§ **What is needed**: The listing below is to be written out word for word, minus its images.

§ **Collected data**:
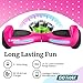 🎀【EASY LEARN AND CONTROL】With the self-balancing control system, the electric hoverboards are easy to learn and control. Simply step onto the board, find your balance, and you're ready to go!(tips: the closer your feet are to the wheel, the more stable you'll be). Show off your skills with make fast turns, and even perform 360°rotations!
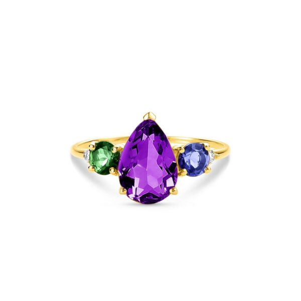 Anel Pietre em Ouro Amarelo 18k com Ametista Roxa, Turmalina Verde, Iolita e Diamante
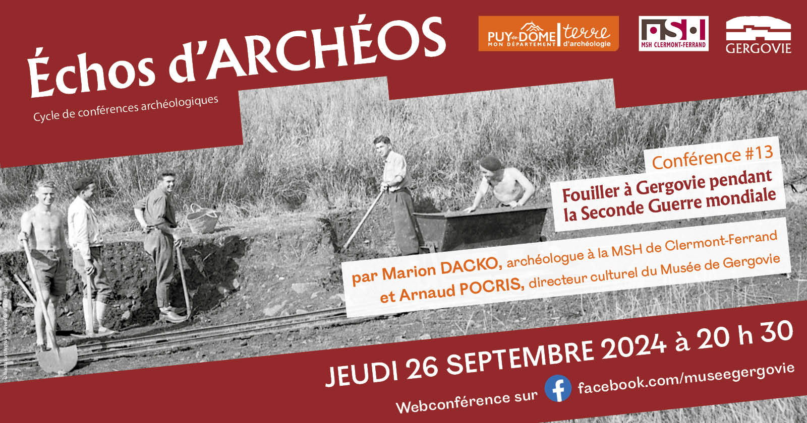 Jeudi 26 septembre 2024, à 20h30, sur Facebook, Page Musée de Gergovie, Marion Dacko, ingénieure de recherche en archéologie à la Maison des Sciences de l’Homme de Clermont-Ferrand (UAR 3550 UCA/CNRS), et Arnaud Pocris, directeur culturel du Musée Archéologique de la bataille de Gergovie, donneront une conférence intitulée : ? Les Gergoviotes. Fouiller à Gergovie pendant la Seconde Guerre mondiale ?.

§ **Written answer**:
 🎀【EASY LEARN AND CONTROL】With the self-balancing control system, the electric hoverboards are easy to learn and control. Simply step onto the board, find your balance, and you're ready to go!(tips: the closer your feet are to the wheel, the more stable you'll be). Show off your skills with make fast turns, and even perform 360°rotations!
 Anel Pietre em Ouro Amarelo 18k com Ametista Roxa, Turmalina Verde, Iolita e Diamante
 Jeudi 26 septembre 2024, à 20h30, sur Facebook, Page Musée de Gergovie, Marion Dacko, ingénieure de recherche en archéologie à la Maison des Sciences de l’Homme de Clermont-Ferrand (UAR 3550 UCA/CNRS), et Arnaud Pocris, directeur culturel du Musée Archéologique de la bataille de Gergovie, donneront une conférence intitulée : ? Les Gergoviotes. Fouiller à Gergovie pendant la Seconde Guerre mondiale ?.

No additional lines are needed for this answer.